Again, just as the US did in the 60s, the Indonesia right wing uses for political supression. It has a "shooting drug dealers on sight" policy that has led to accusations of extrajudicial killings and human rights abuses.

You can only start to understand the "drug problem" in Indonesia by understanding the political foundations behind the current and recent political regimes ... who put who in power why, and how corrupt and brutal they are ... and the US backed dictator Suharto dictatorship when hundreds of thousands of left wing activists were killed by right wing vigilantes, military and law enforcement.

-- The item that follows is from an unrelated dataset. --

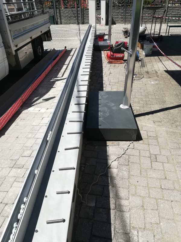 Come si vede la quantità dei fissaggi è dettata dalla certificazione per la sicurezza: tra i requisiti per produrre una posa certificata c’è una distanza ben stabilita che lo stesso costruttore dei profili ci indica pre-forando la barra di contenimento dei vetri stratificati: in questo caso 25 cm la distanza tra un bullone e l’altro.
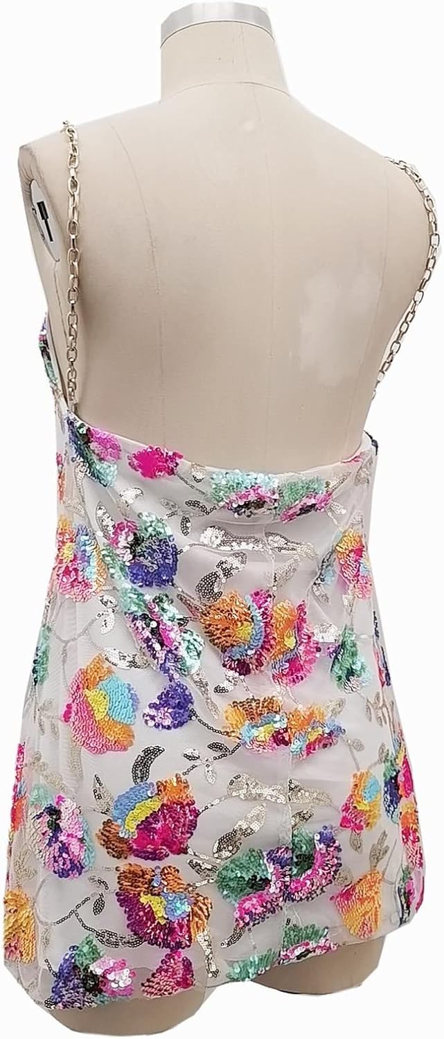 Unique Design - Women's summer mini dress features unique colorful flower sequin design, sleeveless, spaghetti straps, backless, low-cut, layered, summer a-line short dress for women. Glitter Colorful Sequin Bodycon Dress, which will make you looks sexy, beautiful, charming and eye-catching.

There are other angles going on here too. While Indonesia is Muslim, Bali is Hindu and generally much easier going. It, itself, suffered greatly during the dark periods of recent history, and yet the primary source of narcotics are from Muslim sources both from Aceh province (where there is the Free Aceh Movement), other islands, and the Philippines, (where Muslim rebels such as the Abu Sayyaf are involved in the trade to raise funds for their Jihad).

I'm sorry for the loose, scatter gun effect. It's a far bigger topic than it appears from this showcase arrest. These are just signposts to start to understand elements of it that are not obvious.

Of course, poverty and inequality are the real roots of the problems arising from it which is why it should be brought into the open, legal market and the income from it redistributed rather than being funneled into corrupt, violent right wing and criminal elements.

0 ( +1 / -1 )

All I see is 'prosecuting them will do nothing' but then when I give a specific example where they are not prosecuted, the narrative shifts to 'but there is still a black market'. These people will do the same drugs with the same effect whether they are buying it from a corner dealer or a pharmacist. Junkies will still steal to feed their habit regardless of where there drug of choice is sold. Just because it is sold at RiteAid instead of an alley, the junkie still won't have the money to pay for it. Or should we subsidize it? Let them use their food stamps to buy heroin. Sure why not...

Then you say money is still being spent on enforcement not rehabilitation, but ignore that in Seattle, a huge disproportionate portion of the city's budget is spent to try to help addicts. People are actually getting fed up with the rest of the city's issues that are being neglected because of the amount of money thrown at the problem, yet the addicts refuse help because they are allowed to do hard drugs with no consequences.

Blanket legalization will not stop the abuse. What worked in one place does not work everywhere and it is being proven where I live. People are different in different parts of the world. People being allowed to shoot heroin in the street cannot be legal. Come hang out in Pike Place Market for a day or two and see how it looks when your plan is failing.